In the summer of 1950, Ben Carlin and his wife Elinore left Halifax, Nova Scotia in a World War II amphibious jeep, nicknamed Half-Safe, bound, ultimately, for Birmingham, England. Carlin’s book Half-Safe: Across the Atlantic by Jeep is the tale of their journey.
Unique among “voyage around the world” books, reaction of my friends and family upon hearing me summarize Half-Safe’s voyage was, more often then not, to deny that such a voyage was possible. Indeed the Carlins found the same problem during their voyage, and sometimes found it difficult to get the publicity and sponsorship their voyage deserved.
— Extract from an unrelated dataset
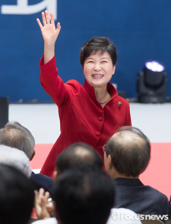 (서울=포커스뉴스) 박근혜 대통령이 9일 오후 서울 송파구 잠실실내체육관에서 열린 새누리당 4차 전당대회에 참석해 당원들을 향해 인사하고 있다.

But it is true: Half-Safe, a souped-up amphibious Ford jeep, purchased surplus after the war near Washington, DC, carried the Carlins on land and on sea, and therein allowed them to work around the usual need to “ship the Land Rover across the Atlantic and then pick up the trip” that characterizes most if not all other round-the-world expeditions.
The impetus for the trip was, like most others, the result of a dare. Carlin, an Australian, was in India during the war working as a Field Engineer. He relates in the opening chapter, still in India at the close of the war in 1945:
With my opposite number in the Air Force, Squadron-Leader M.C. Bunting, OBE, RAF, I was inspecting installations on the deserted field and had no business looking at vehicles, but a battered amphibious jeep caught my eye. I have always been interested in salt water, small boats, and vehicles and fancy I know something about them all. After fifteen minutes around, over and under this oddity of which I had heard but never before seen, I mused, as much to myself as to him, ‘You know, Mac, with a bit of titivation you could go around the world in one of these things.’ Mac was a very polite, sober and laconic character. He said, ‘Nuts!’
It took Carlin five years to get to America, locate, modify, test and refine the jeep, find and marry his wartime sweetheart, and make his way to Halifax for departure.
Halifax did not fare well in the eyes of the Carlins:
This is as good a time as any to pay a tribute to Halifax — the finest departure point anyone ever had. I’d gladly leave Halifax any time for anywhere in anything. The city glows with the same rich, warm flame of enlightened liberalism which lit medieval Aberdeen. In two years there, we entered only seven private homes, not more than two of which we are likely to see again.
Once the major voyage-ending bugs were worked out of Half-Safe’s systems — and there were a large number of them, mostly involving different methods for carrying fuel — the Carlins set off for the Azores from Halifax on July 19, 1950.
Their plan was to head for Flores; they arrived there 32 days later, having travelled through a hurricane, the jeep pummelled almost to the breaking point, having suffered tremendous seasickness (especially Elinore) and, one would imagine, testing their marriage severely.
From the Azores they steamed to Madeira, and then made land at Africa at Cap Juby before driving overland through Agadir, Casablanca, Gibraltar, Lison, Madrid, Paris, Brussels, Denmark, Sweden, London and finally Birmingham, where they arrived on New Years Day, 1952.
Despite their adventures at sea, the voyage overland was perhaps more challenging that the one over sea, mostly because of the variety of borders to cross, breakdowns of the jeep, and the need to hold shows to raise money to support the trip.
The Carlins weren’t rich, and although there was some sponsorship from a North American magazine, and the promise of more from other sources, not more than once they were down to their last dollar and had to pawn their movie camera, or sell surplus fuel to continue on.
Carlin is a witty writer, and the book is a rollicking good tale of adventure, and contains considerable technical details of their voyage.
While the voyage the book relates ends in England, Carlin did, in fact, continue onwards from there, and this helpful Australian website contains a brief summary of that voyage. The tale of this second leg of the voyage is available as The Other Half of Half-Safe, which can be purchased from Carlin’s alma mater, Guildford Grammar School, which has a page devoted to Carlin’s adventures. The school is also the final resting place of the jeep Half-Safe where it is, says the school, “displayed prominently within the grounds.”
Interestingly, Carlin’s second voyage took place at the same time as the Oxford and Cambridge Far Eastern Expedition, although, as this commentator notes, “So, there were two overland expeditions in southern Burma at the same time. Both expeditions wrote up their adventures, yet neither mentions the other.”
Carlin continued on around the world, and ended up back in Montreal on May 12, 1958, almost eight years after starting out.
I purchased Half-Safe used from a bookseller in the U.S. using abebooks.com. It is out of print, but many other used copies are available for sale there.
Book Information: Carlin, Ben. (1955), Half-Safe: Across the Alantic By Jeep, Andre Deutsch, London.